Generative language models face persistent challenges when transitioning from training to practical application. One significant difficulty lies in aligning these models to perform optimally during inference. Current methods, such as Reinforcement Learning from Human Feedback (RLHF), focus on improving win rates against a baseline model. However, they often overlook the role of inference-time decoding strategies like Best-of-N sampling and controlled decoding. This mismatch between training objectives and real-world usage can lead to inefficiencies, affecting the quality and reliability of the outputs.

To address these challenges, researchers at Google DeepMind and Google Research have developed InfAlign, a machine-learning framework designed to align language models with inference-aware strategies. InfAlign incorporates inference-time methods into the alignment process, aiming to bridge the gap between training and application. It does so through a calibrated reinforcement learning approach that adjusts reward functions based on specific inference strategies. InfAlign is particularly effective for techniques like Best-of-N sampling, where multiple responses are generated and the best one is selected, and Worst-of-N, which is often used for safety evaluations. This approach ensures that aligned models perform well in both controlled environments and real-world scenarios.
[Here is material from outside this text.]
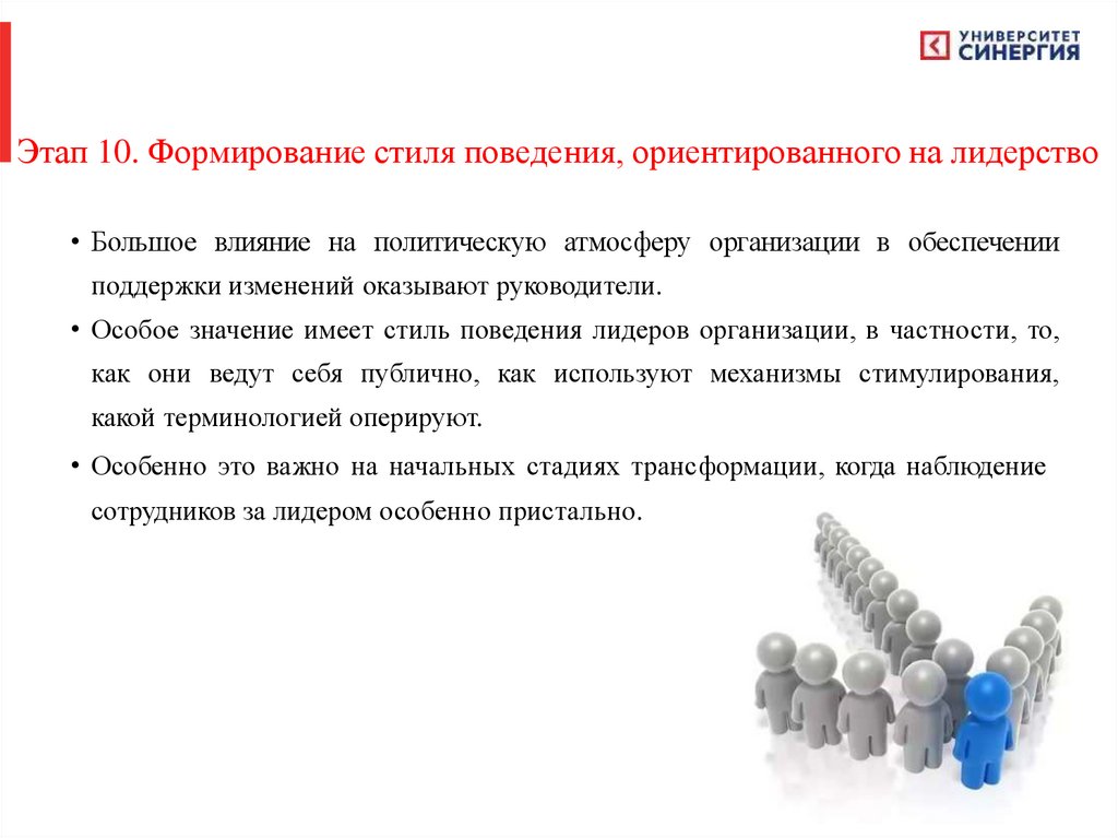 Этап 10. Формирование стиля поведения, ориентированного на лидерство• Большое влияние на политическую атмосферу организации в обеспечении

Technical Insights and Benefits

At the core of InfAlign is the Calibrate-and-Transform Reinforcement Learning (CTRL) algorithm, which follows a three-step process: calibrating reward scores, transforming these scores based on inference strategies, and solving a KL-regularized optimization problem. By tailoring reward transformations to specific scenarios, InfAlign aligns training objectives with inference needs. This approach enhances inference-time win rates while maintaining computational efficiency. Beyond performance metrics, InfAlign adds robustness, enabling models to handle diverse decoding strategies effectively and produce consistent, high-quality outputs.

Empirical Results and Insights

The effectiveness of InfAlign is demonstrated using the Anthropic Helpfulness and Harmlessness datasets. In these experiments, InfAlign improved inference-time win rates by 8-12% for Best-of-N sampling and by 4-9% for Worst-of-N safety assessments compared to existing methods. These improvements are attributed to its calibrated reward transformations, which address reward model miscalibrations. The framework reduces absolute errors and ensures consistent performance across varying inference scenarios, making it a reliable and adaptable solution.

Conclusion

InfAlign represents a significant advancement in aligning generative language models for real-world applications. By incorporating inference-aware strategies, it addresses key discrepancies between training and deployment. Its robust theoretical foundation and empirical results highlight its potential to improve AI system alignment comprehensively. As generative models are increasingly used in diverse applications, frameworks like InfAlign will be essential for ensuring both effectiveness and reliability.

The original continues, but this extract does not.